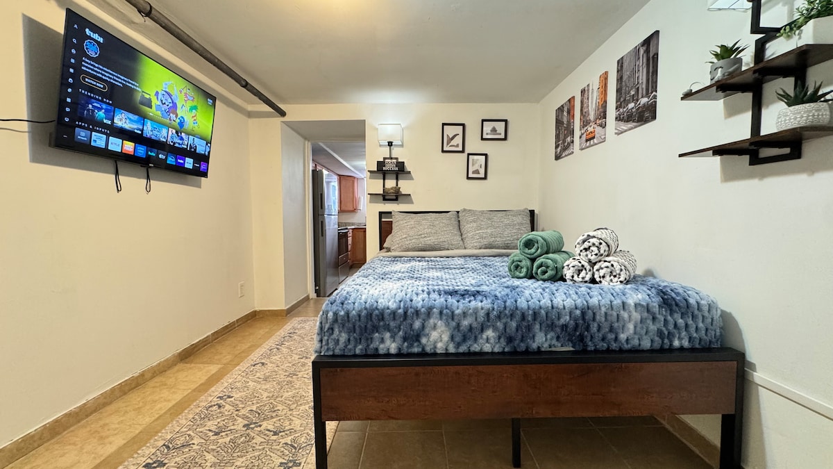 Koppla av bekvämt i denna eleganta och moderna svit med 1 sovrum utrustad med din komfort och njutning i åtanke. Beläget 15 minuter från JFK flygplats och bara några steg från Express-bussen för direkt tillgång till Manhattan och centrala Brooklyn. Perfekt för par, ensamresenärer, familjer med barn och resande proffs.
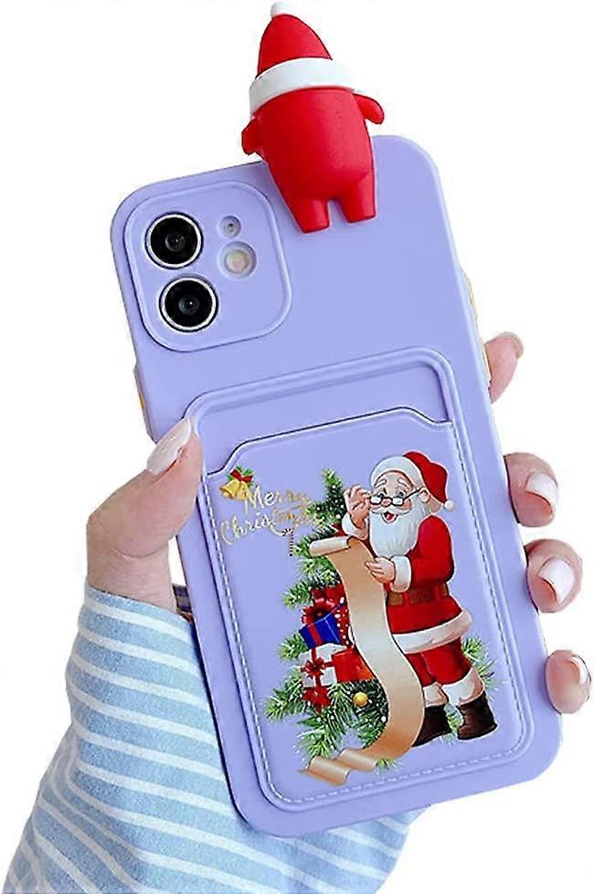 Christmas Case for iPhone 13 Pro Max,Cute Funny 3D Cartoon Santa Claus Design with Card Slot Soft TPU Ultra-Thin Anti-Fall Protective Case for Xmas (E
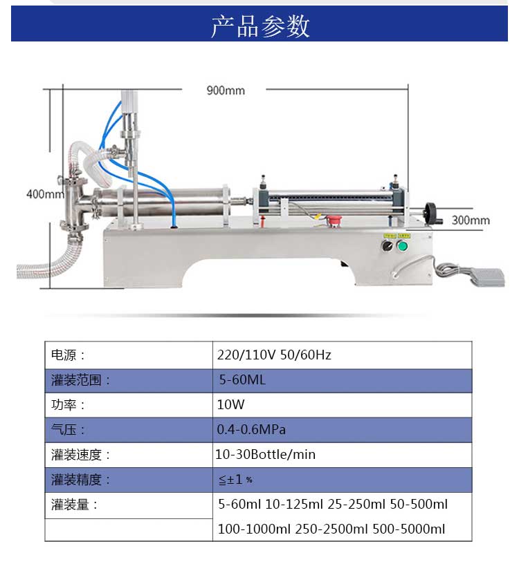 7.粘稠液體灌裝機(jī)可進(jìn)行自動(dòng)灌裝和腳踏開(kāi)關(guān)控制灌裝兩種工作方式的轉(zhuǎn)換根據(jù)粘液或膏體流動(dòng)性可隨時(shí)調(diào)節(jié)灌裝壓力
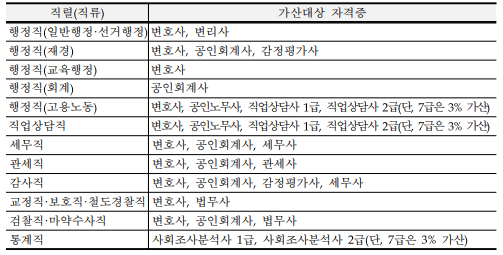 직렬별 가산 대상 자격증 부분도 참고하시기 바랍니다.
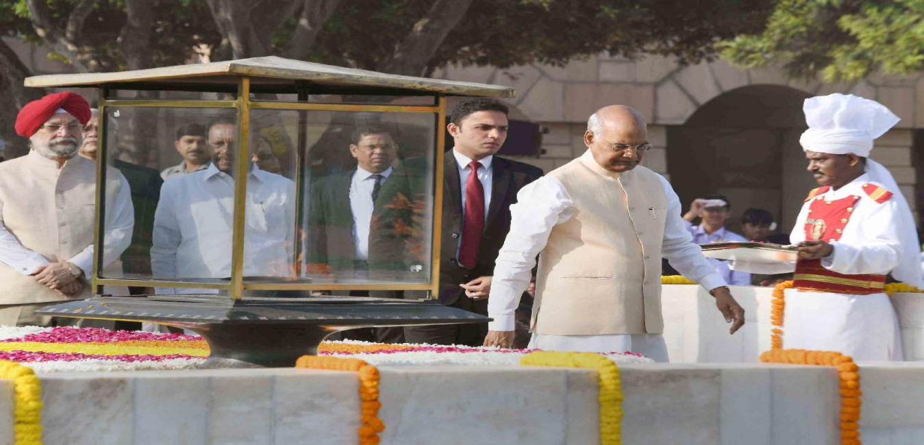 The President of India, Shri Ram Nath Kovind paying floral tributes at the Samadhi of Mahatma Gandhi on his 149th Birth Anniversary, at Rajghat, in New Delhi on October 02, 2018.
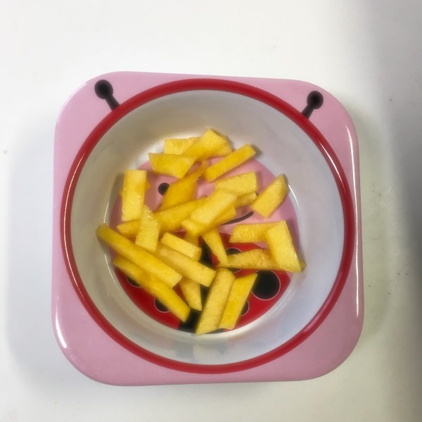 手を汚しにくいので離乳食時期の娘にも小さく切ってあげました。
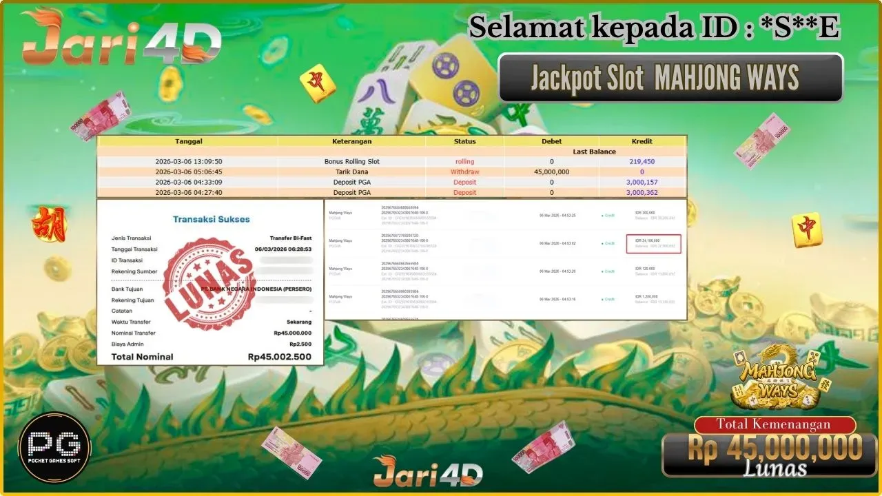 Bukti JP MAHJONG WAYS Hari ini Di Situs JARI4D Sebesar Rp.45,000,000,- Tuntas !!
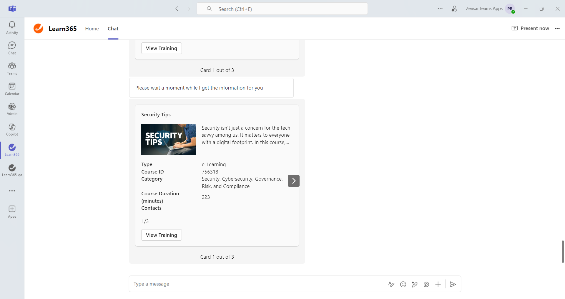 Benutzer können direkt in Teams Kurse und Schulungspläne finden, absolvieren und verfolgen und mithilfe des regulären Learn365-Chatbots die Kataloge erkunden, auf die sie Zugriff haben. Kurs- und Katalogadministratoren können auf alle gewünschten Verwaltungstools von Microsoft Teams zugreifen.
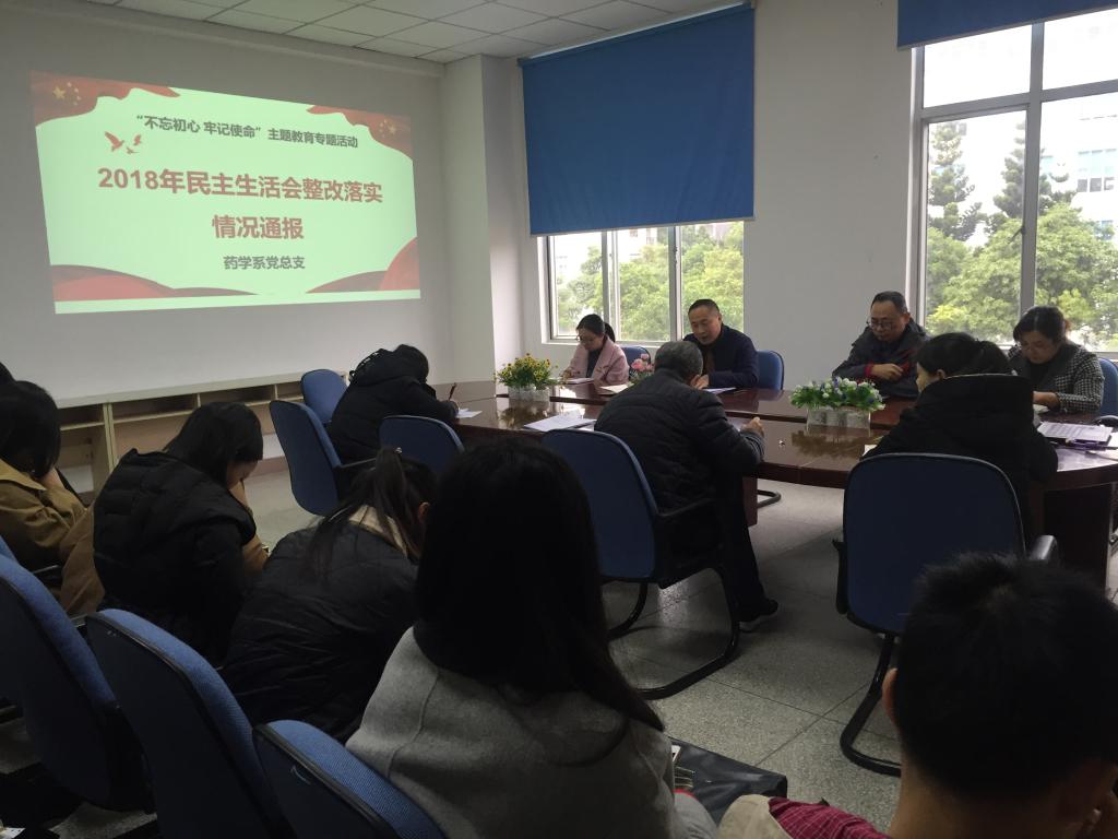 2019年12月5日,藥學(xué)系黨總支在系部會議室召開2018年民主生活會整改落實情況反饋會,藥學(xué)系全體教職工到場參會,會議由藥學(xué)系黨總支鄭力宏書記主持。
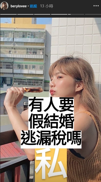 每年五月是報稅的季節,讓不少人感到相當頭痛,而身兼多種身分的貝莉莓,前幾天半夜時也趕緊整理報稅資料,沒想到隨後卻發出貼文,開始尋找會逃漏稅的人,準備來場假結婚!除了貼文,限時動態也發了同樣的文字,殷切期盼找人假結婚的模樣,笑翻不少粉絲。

+===+

## REQUIREMENT
When you print the records above, keep them exact and leave out the pictures.

## SOLUTION
 Koppla av bekvämt i denna eleganta och moderna svit med 1 sovrum utrustad med din komfort och njutning i åtanke. Beläget 15 minuter från JFK flygplats och bara några steg från Express-bussen för direkt tillgång till Manhattan och centrala Brooklyn. Perfekt för par, ensamresenärer, familjer med barn och resande proffs.
 Christmas Case for iPhone 13 Pro Max,Cute Funny 3D Cartoon Santa Claus Design with Card Slot Soft TPU Ultra-Thin Anti-Fall Protective Case for Xmas (E
 7.粘稠液體灌裝機(jī)可進(jìn)行自動(dòng)灌裝和腳踏開(kāi)關(guān)控制灌裝兩種工作方式的轉(zhuǎn)換根據(jù)粘液或膏體流動(dòng)性可隨時(shí)調(diào)節(jié)灌裝壓力
 직렬별 가산 대상 자격증 부분도 참고하시기 바랍니다.
 The President of India, Shri Ram Nath Kovind paying floral tributes at the Samadhi of Mahatma Gandhi on his 149th Birth Anniversary, at Rajghat, in New Delhi on October 02, 2018.
 手を汚しにくいので離乳食時期の娘にも小さく切ってあげました。
 Bukti JP MAHJONG WAYS Hari ini Di Situs JARI4D Sebesar Rp.45,000,000,- Tuntas !!
 Benutzer können direkt in Teams Kurse und Schulungspläne finden, absolvieren und verfolgen und mithilfe des regulären Learn365-Chatbots die Kataloge erkunden, auf die sie Zugriff haben. Kurs- und Katalogadministratoren können auf alle gewünschten Verwaltungstools von Microsoft Teams zugreifen.
 2019年12月5日,藥學(xué)系黨總支在系部會議室召開2018年民主生活會整改落實情況反饋會,藥學(xué)系全體教職工到場參會,會議由藥學(xué)系黨總支鄭力宏書記主持。
 每年五月是報稅的季節,讓不少人感到相當頭痛,而身兼多種身分的貝莉莓,前幾天半夜時也趕緊整理報稅資料,沒想到隨後卻發出貼文,開始尋找會逃漏稅的人,準備來場假結婚!除了貼文,限時動態也發了同樣的文字,殷切期盼找人假結婚的模樣,笑翻不少粉絲。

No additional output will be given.